Все исполнено было в лучшем виде. Хоть и безъязыкий, но живой, пошел Грюнштейн служить в Богом забытый Устюг…

V

Такие люди, как Грюнштейн, исчезали бесследно, но как могли исчезнуть братья Бестужевы и сразу трое Лопухиных – отец, сын и раскрасавица Наталья?

По Петербургу разнесся очередной слух об очередном заговоре. Алексей Разумовский не придал этому значения. У него в Аничковом доме привычно коротал вечер полковник Вишневский, ставший генералом.
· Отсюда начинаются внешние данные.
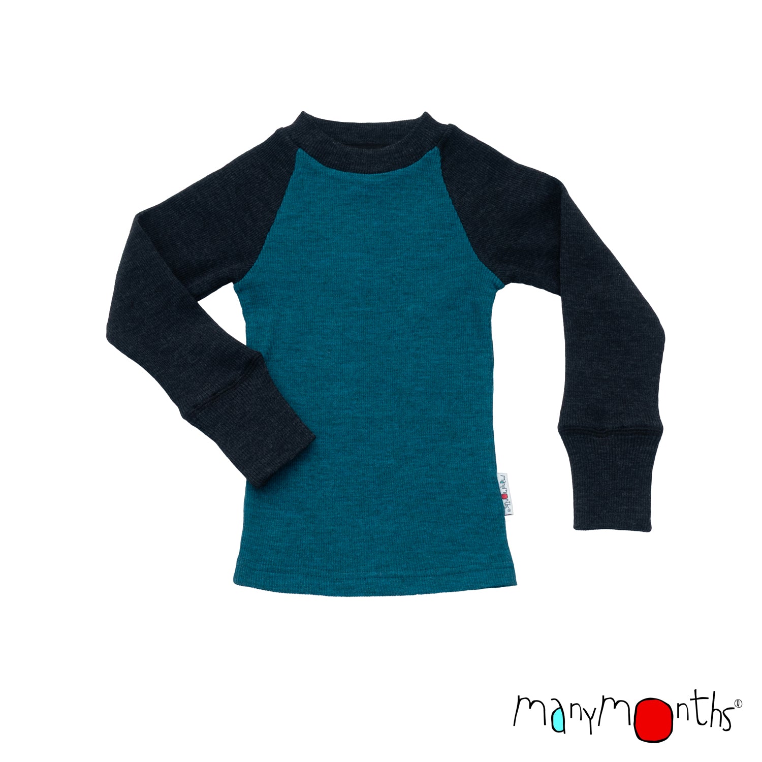La laine mérinos est bien connue des sportifs depuis longtemps et pour les enfants c'est tout aussi agréable. J'utilise des vêtements mérinos pour les activités sportives de mes enfants depuis leur plus jeune âge : rando, vélo, ski, skating etc... et en voyage itinérant. Les avantages sont tels qu'on ne revient pas en arrive après y avoir goûté ! Toute la gamme des basiques ManyMonths se prêtent très bien à un usage sportif. Ce haut manches longues a des manches raglan qui permettent une grande mobilité, et leur look sportif bicolore est très sympa, à associer au bas assorti : l'ensemble fera une sous-couche thermique parfaite pour les activités outdoor par temps froid ou pluvieux !

Им было о чем посудачить. Да и две партии нового вина прибыли – из Парижа и Венгрии.

– А скажи-ка, друг мой, – спрашивал Алексей – скажи, не стесняйся, которое винцо лучше?

– Рановато еще судить, Алексей Григорьевич. Вот как по пяти бокалов каждого опорожним…
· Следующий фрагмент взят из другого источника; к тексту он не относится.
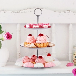 Szklany etażer z trzema poziomami to doskonały wybór do serwowania babeczek, ciasteczek, deserów, owoców oraz słonych przekąsek. Talerze o różnych rozmiarach umożliwiają przejrzyste i efektowne aranżacje, które ozdobią każdy stół okolicznościowy, sweet bar czy bufet.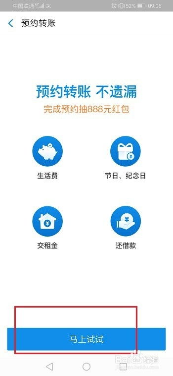 第二步进去转账界面之后,点击预约转账,如下图所示: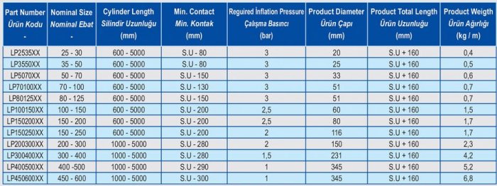 Part Numberl: LP2535XX. Nominal Size: 25-30. Cylinder Length: 600 - 5000. Min. Contact: S.U-80. Reguired Inflation Pressure: 3. Product Diameter: 20. Product Total Length: S.U + 160. Product Weigth: 0,4.

Опорожнили еще сколько-то, не считая конечно. Но мысль беспокойная давит…

– Однако ж если вино французское, то значит, что Франция хочет поссорить нас с королевой австро-венгерской.

– А если венгерское?

– Значит, ссорят с Францией.

– Ну, а коль наша двойная водочка, отмеченная устами Петра Великого?

– Тогда со всеми-всеми.

– Пожалеть бы государыню… Каково-то ей быть в ссоре с целый миром?

– Верно, за государыню!

– За ее императорское величество!

– Говорят, она сейчас в Петергофе?

– Да уж так, решила отдохнуть от нас, грешных. Нам, кроме вина, подавай и разговоры о разных там заговорах. Пустых, вестимо.

– Ой, не скажи, друг мой! Что-то мне беспокойно…
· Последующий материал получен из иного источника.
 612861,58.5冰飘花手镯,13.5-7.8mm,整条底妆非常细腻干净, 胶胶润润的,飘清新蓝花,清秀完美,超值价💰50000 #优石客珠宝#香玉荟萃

– Выходит, еще за государыню?

– Выходит, за ее императорское величество?

В это время по заведенному порядку, без доклада, неслышно ступая в мягких бархатных туфлицах, вошел дежуривший всегда за дверями гостиной камер-лакей и начал что-то шептать на ухо графу. Ясно, такая тайна, что и другу Вишневскому знать не полагается. Тот все понял и встал из-за стола.

– Да, да, друг мой. Больше не удерживаю. Но выходи через заднее крыльцо.

Не успел Вишневский выйти, как тот же камер-лакей распахнул парадную дверь – быстро и крепко ступая, вошла Елизавета.

Теперь встал уже сам Разумовский.

– Что, что стряслось, государыня?

– К тебе приехала не государыня – лучше сказать, Елизаветушка. Инкогнито. Нет никого посторонних?

– Был Вишневский, но я догадался и спровадил… Хотя на него-то уж могу положиться.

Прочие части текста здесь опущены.